Clues to climate change trapped in Greenland ice sheet


JON GERTNER: It is difficult for us to imagine what the Greenland ice sheet looks like. This is thousands of miles from the United States as well as from Europe. It is a country that few people visit; it's an overpass – maybe when you're going to northern Europe you'll see this huge ice sheet. And the Greenland ice sheet, you can imagine a cupcake where the cover does not reach the edges. I mean, Greenland is not just the largest island in the world, but this ice sheet, which is about 1,500 miles long and 700 miles across, covers well over 80% of the island. So there is only that narrow strip of land around the banks that has been hospitable to the settlements. Because nothing really lives on the ice sheet. This is a place where frozen temperatures reach less than 80 degrees Fahrenheit. It is a place that was considered abandoned by the native Inuit, a place that was somewhere where you would be far away, where the evil spirits lived.
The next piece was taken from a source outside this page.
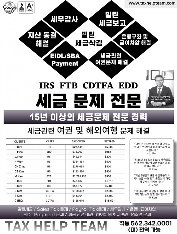 밀린세금 . Sales Tax 문제 . Payroll Tax 문제

And it was also a place at its center – if you consider this type of cupcake cover, the center is 10,000 feet high. So it's that kind of giant ice dome, and it's two miles thick. A scientist with whom I spent a lot of time in Greenland called it the largest laboratory in the world. Which is a kind of weird phrase when you think of it as the biggest island in the world, and it's covered in ice. Well, why this? But if you look back on history, it offered this opportunity to study the only remaining ice sheet in the northern hemisphere; the other is in southern Antarctica. But it also offered some of these early scientists a way to look back in time. Because ice, in the words of many scientists, is depositional. Creates a record type of all deposits that have fallen on it through the snow. And we think, okay, well, there's old snow. But it's more than that. In fact, it contains old gases. Contains records of ancient volcanic eruptions. And the way we started to access that information, because it's really information, was to drill the ice.
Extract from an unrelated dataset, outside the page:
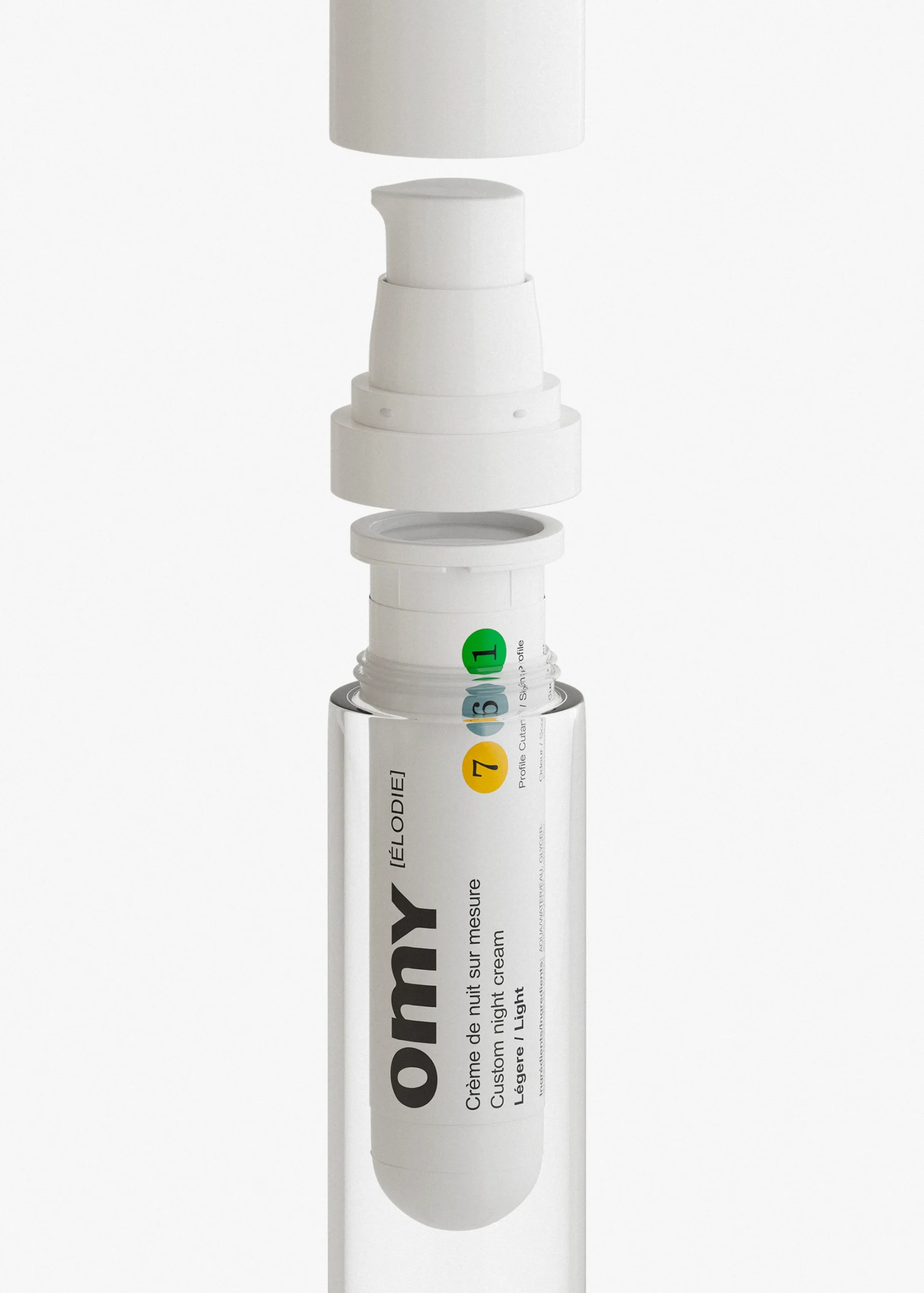 Для линейки персонализированных средств дизайн-команда разработала интеллектуальную систему сменных капсул, призванную усилить устойчивость производства. Каждая капсула устанавливалась в элегантную стеклянную банку и получила цветовую нумерацию, обозначающую индивидуальный код пользователя. Номера и цвета коррелировали с индексом основных функций продукта и составляющих ингредиентов — подход, который трактовал уход за кожей как науку и упрощал процесс его подбора.

And the first people to do it significantly were not really drilling the ice. There was this guy Ernst Sorge, who was positioned with Alfred Wegener's team at the center of the ice sheet in the 1930s. And he started, literally, he was camped under the ice with another guy – two other guys, actually – and he started dig with a shovel. He dug a ladder into the ice. He dug about 50 feet – 50 feet, excuse me, into the ice. And he began to carve blocks and bring them back to where they were sleeping, and measured them on a scale. And he wanted to measure its density. And what he discerned was that there was a kind of discernible variation between the snow and the summer of winter's density. And he could, by doing so, find out just how many years ago in time he was going. So that was the first big step. OK, you can actually measure this type of stripes on ice if you think that way by going down. And after that, he became much more ambitious.

In the 1950s and 1960s, scientists actually brought drilling rigs there. They have tried to figure out how you could deepen and extract a core, which may seem easier than you think, but actually it is quite difficult because you want to keep the pristine nature of the ice. Because what you really want to do is all sorts of experiments in chemical analysis to try to understand the ice isotopes. And these are the keys to understanding how old temperatures are. There are also these old bubbles trapped in the ice, and they are also keys to ancient atmospheres. So the further you are, the further back in time you will.
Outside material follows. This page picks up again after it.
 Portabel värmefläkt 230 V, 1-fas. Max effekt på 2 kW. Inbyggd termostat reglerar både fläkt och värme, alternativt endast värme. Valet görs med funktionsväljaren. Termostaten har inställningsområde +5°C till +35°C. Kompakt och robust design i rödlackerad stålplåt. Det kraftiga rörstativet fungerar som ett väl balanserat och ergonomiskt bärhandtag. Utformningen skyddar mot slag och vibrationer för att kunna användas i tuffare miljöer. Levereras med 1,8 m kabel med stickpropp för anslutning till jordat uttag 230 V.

And we could say, well, okay. You may discover, perhaps, what the temperatures were like a thousand years ago. But this is not trivial information. Because it's not just telling us what the temperatures are like, you're telling us maybe what's changed. Explain bits of history we may not understand. Could you explain, for example, why the Nordic Greenland that came to Greenland a thousand years ago and then mysteriously disappeared, why did they go? Has there been a dramatic change in temperature? I could explain, for example, what happened to the Earth about 11,000 or 12,000 years ago when we see these dramatic changes in temperature that actually took place in the space of 10 or 15 years that make us wonder now, dammit. We always think that the climate is changing gradually and slowly but in fact the story, as we discovered from these ice cores, shows us that the climate can really change very rapidly, and Earth does not mind slowly changing. Sometimes it has different ways in which it can change quickly.

So there's all sorts of information we discovered in the center of the Greenland ice. It's a kind of key to the past. Sometimes it is not always comforting, but it always gives us new insights that help us think again about this place as a great laboratory, not just a big chunk of ice.